───── Supplied information
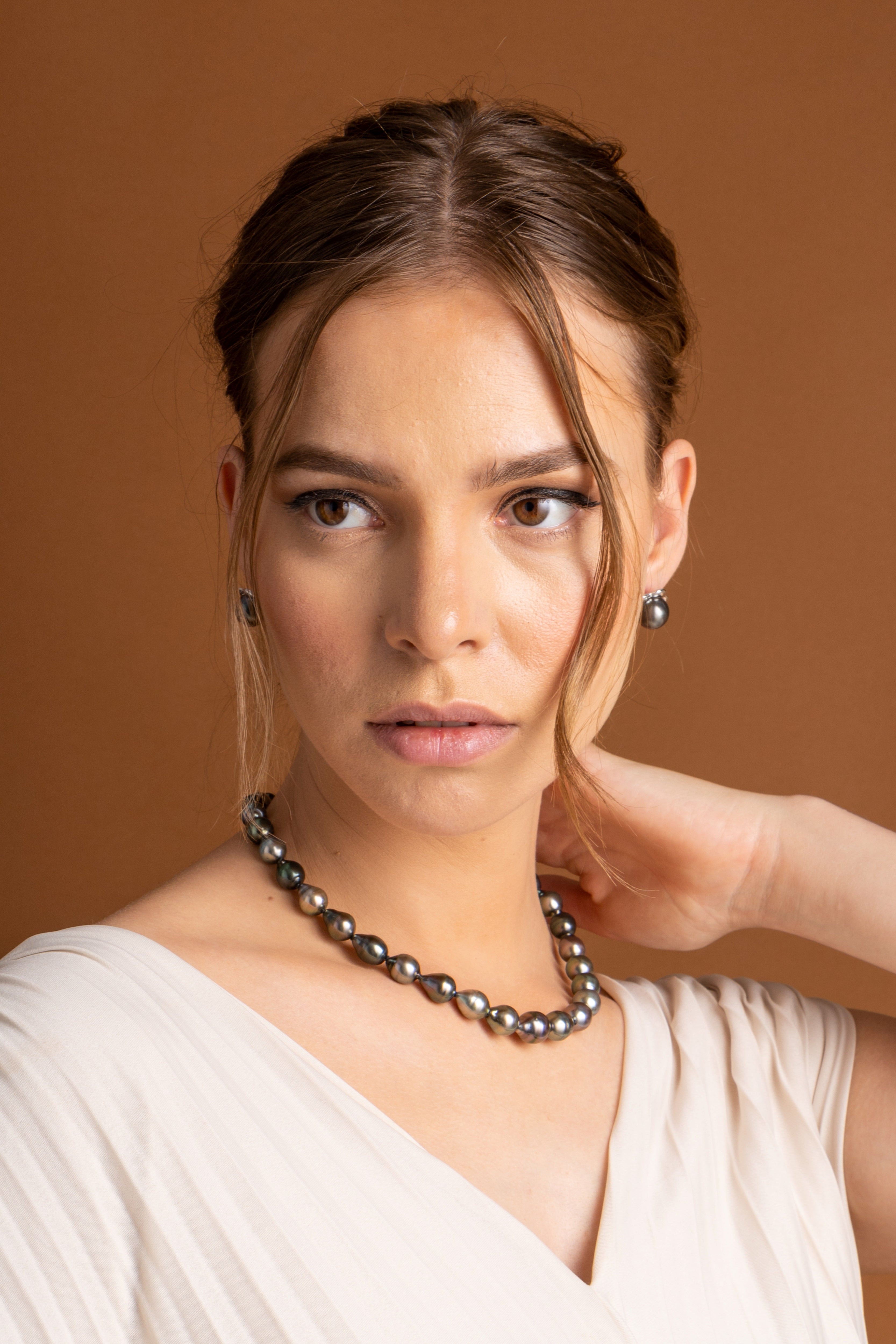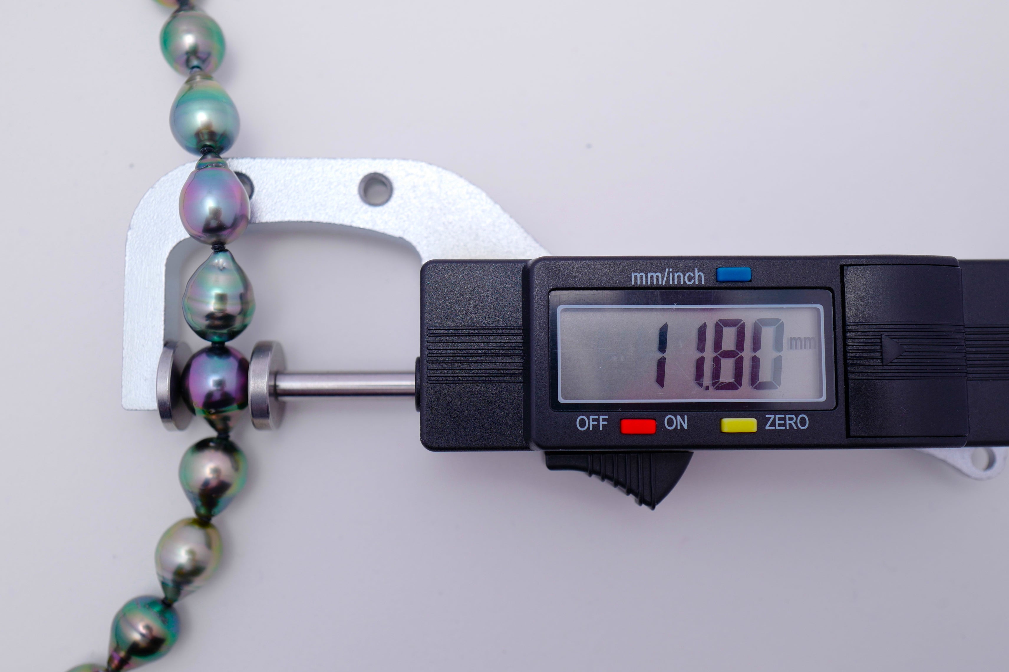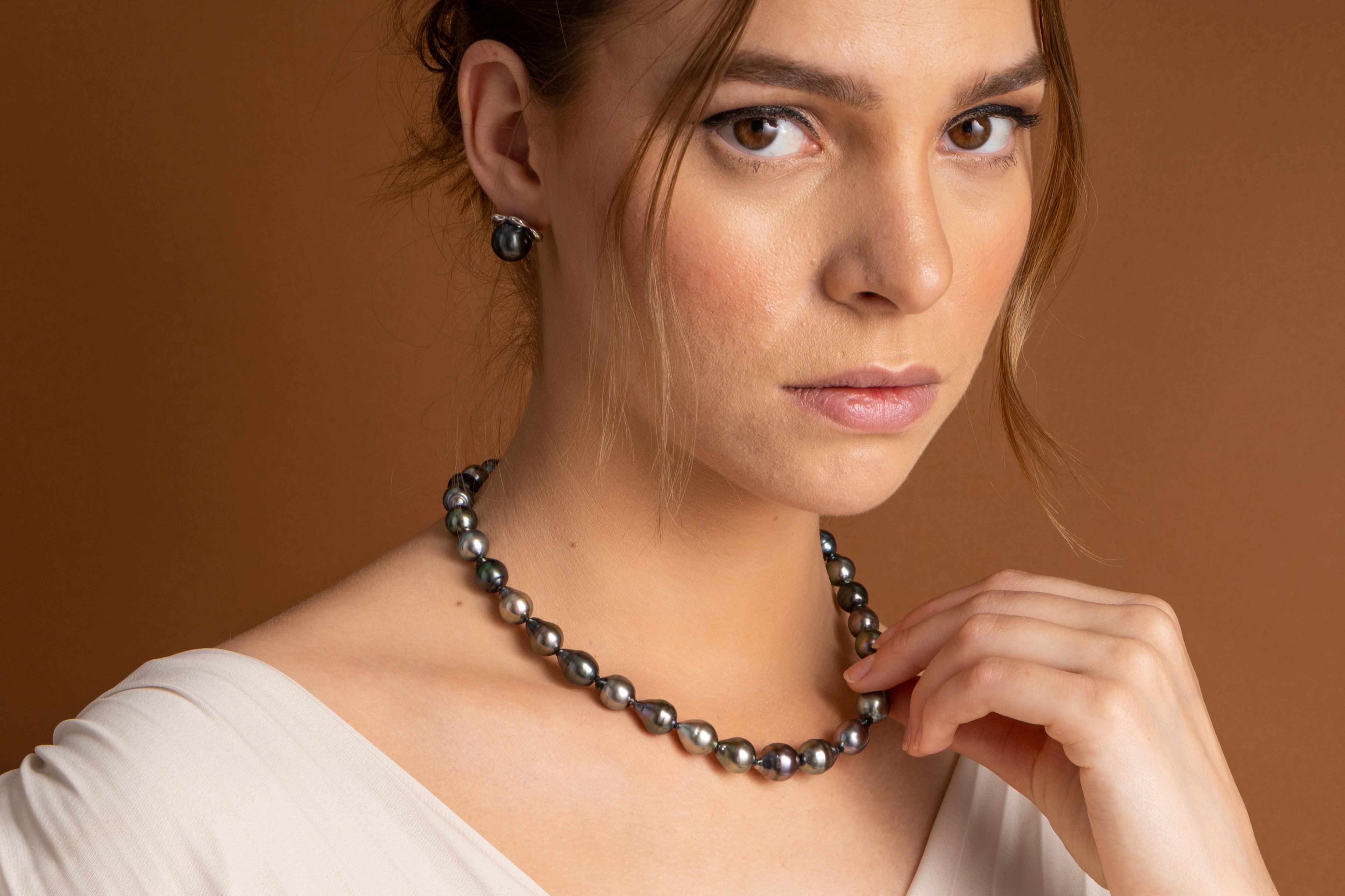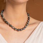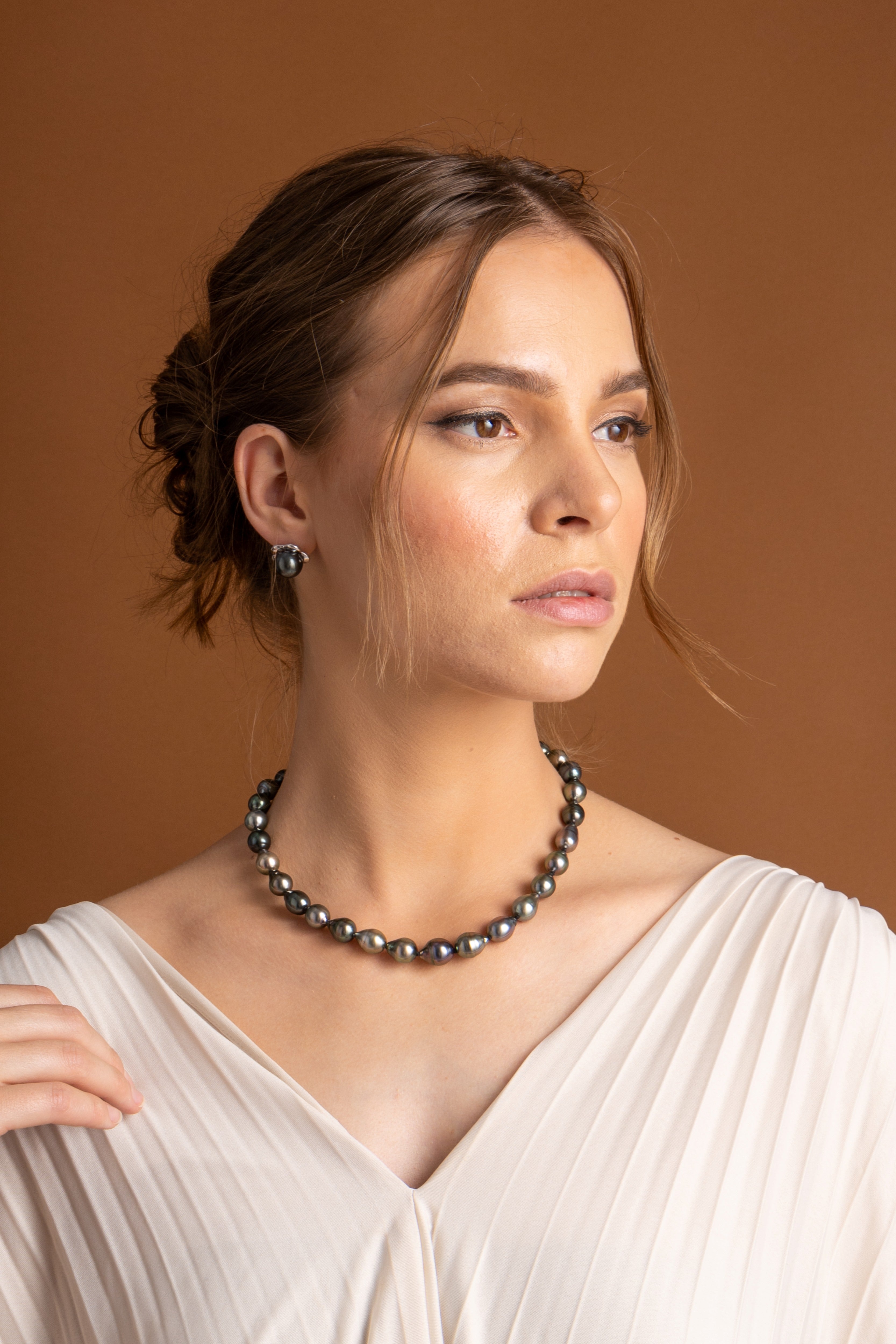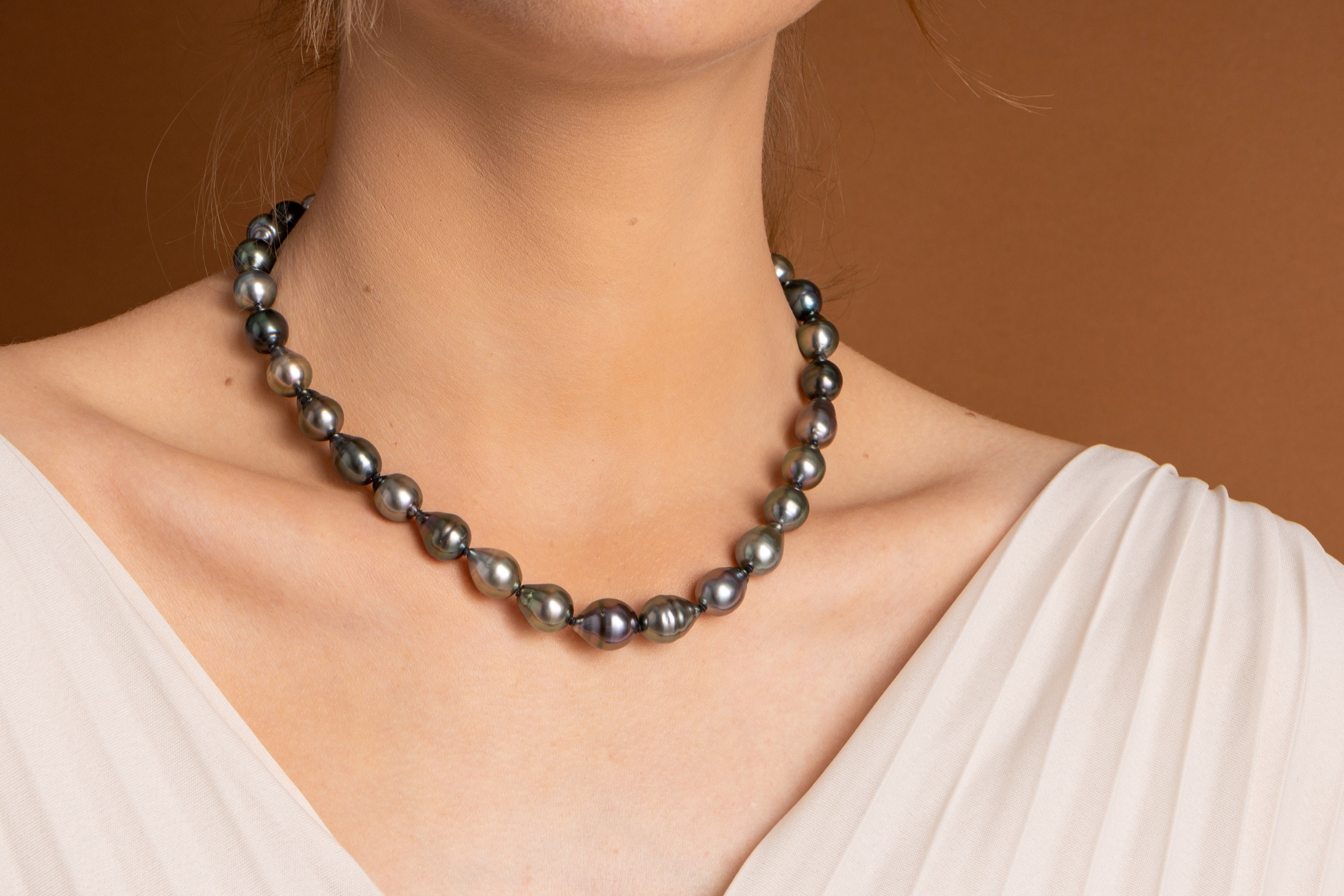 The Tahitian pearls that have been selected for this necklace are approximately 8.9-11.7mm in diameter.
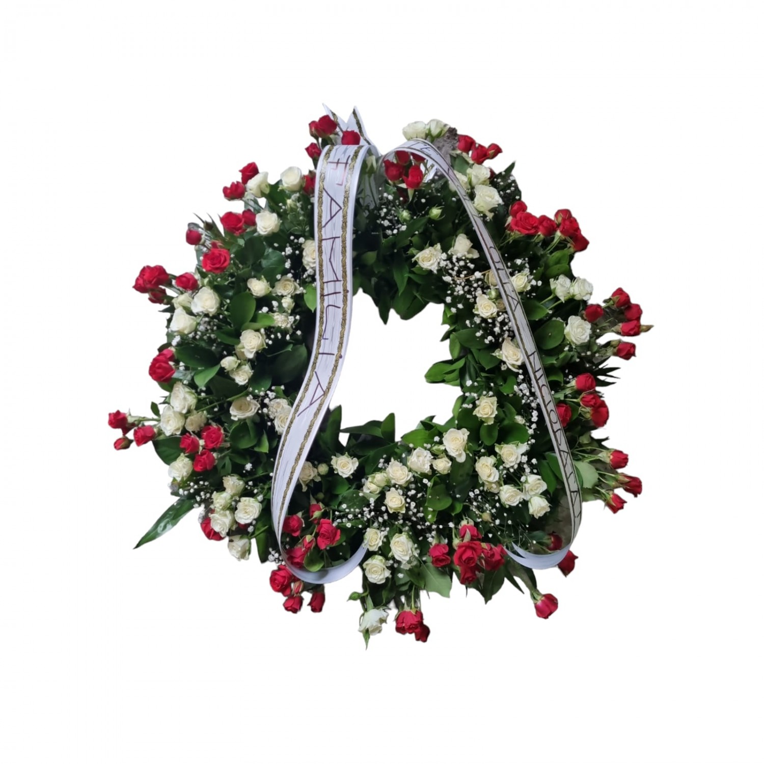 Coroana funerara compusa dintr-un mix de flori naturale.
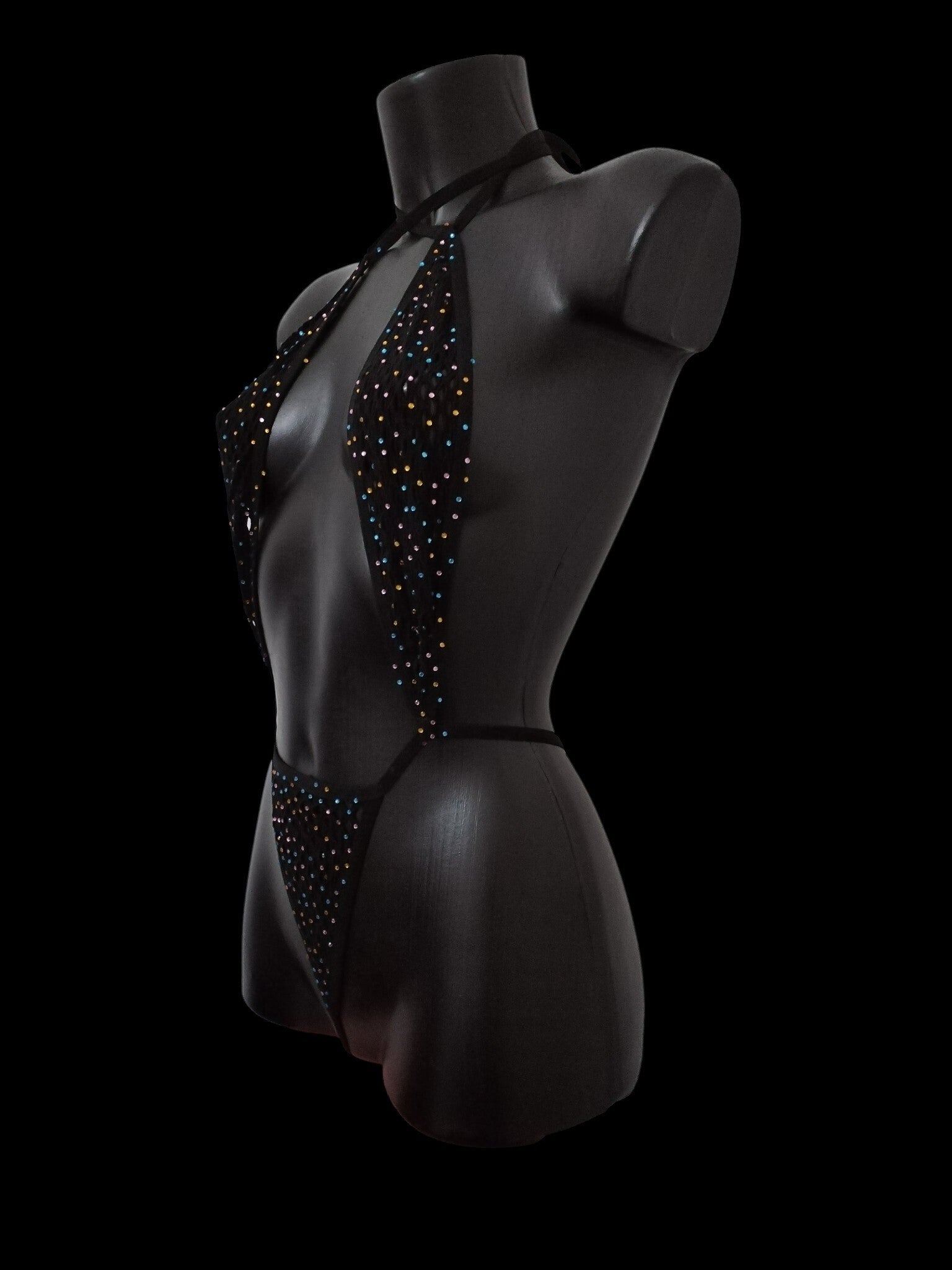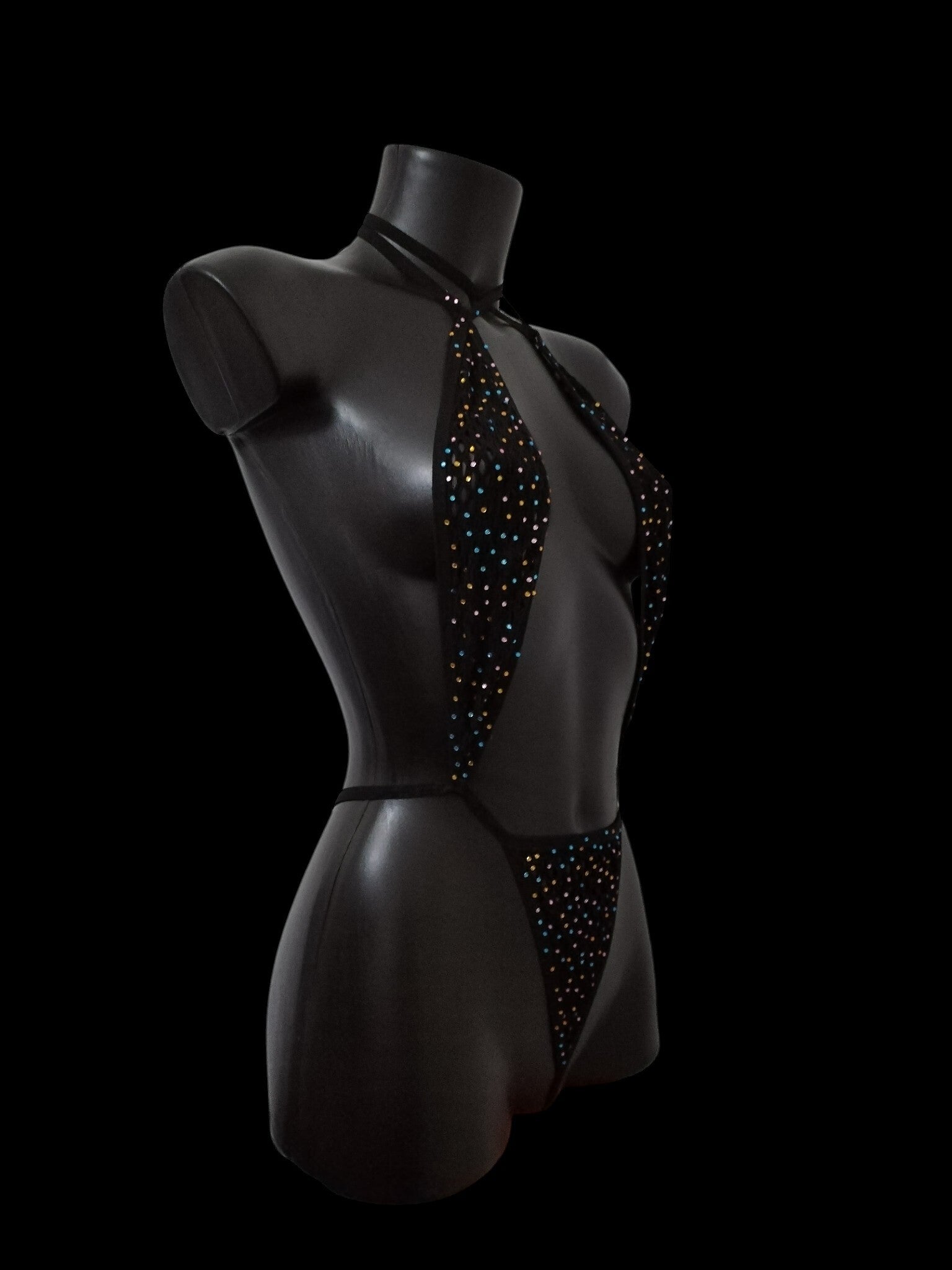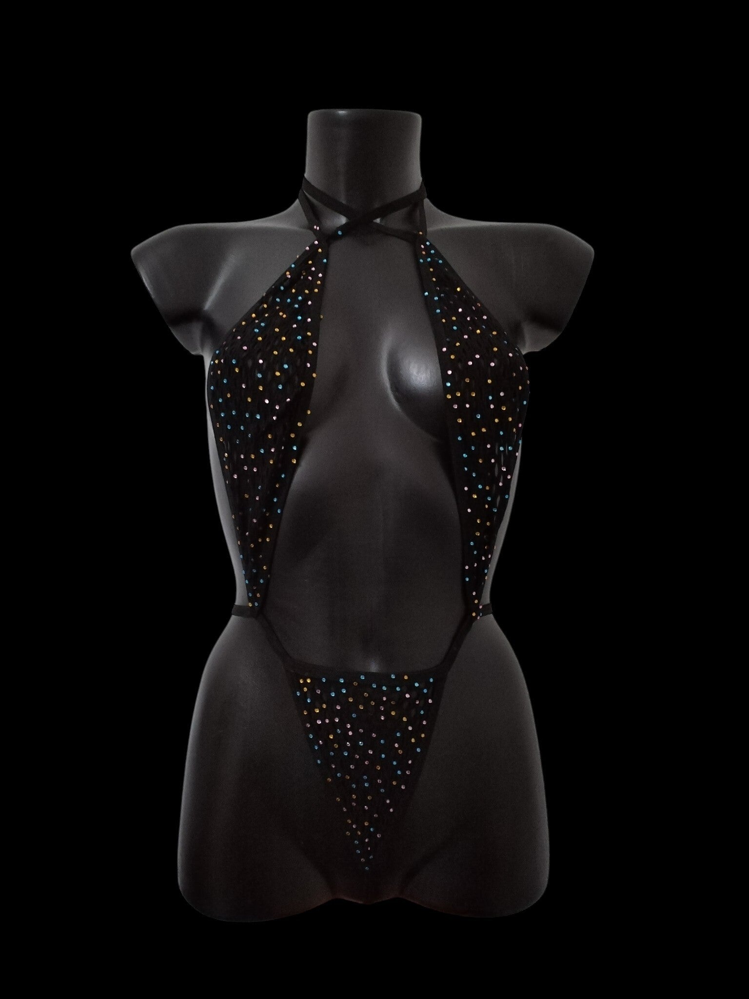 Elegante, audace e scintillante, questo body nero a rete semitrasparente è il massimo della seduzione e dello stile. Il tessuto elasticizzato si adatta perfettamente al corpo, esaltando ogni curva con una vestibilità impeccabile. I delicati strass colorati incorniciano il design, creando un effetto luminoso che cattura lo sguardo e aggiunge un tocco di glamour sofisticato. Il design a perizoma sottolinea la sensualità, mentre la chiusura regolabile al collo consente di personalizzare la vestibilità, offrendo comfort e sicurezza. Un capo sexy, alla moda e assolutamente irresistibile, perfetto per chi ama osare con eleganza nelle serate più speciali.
──────────
* Task prompt *
Every line from the start of the material through the line holding "Coroana funerara compusa" must be returned exactly, and the pictures must not.

* Output below *
 The Tahitian pearls that have been selected for this necklace are approximately 8.9-11.7mm in diameter.
 Coroana funerara compusa dintr-un mix de flori naturale.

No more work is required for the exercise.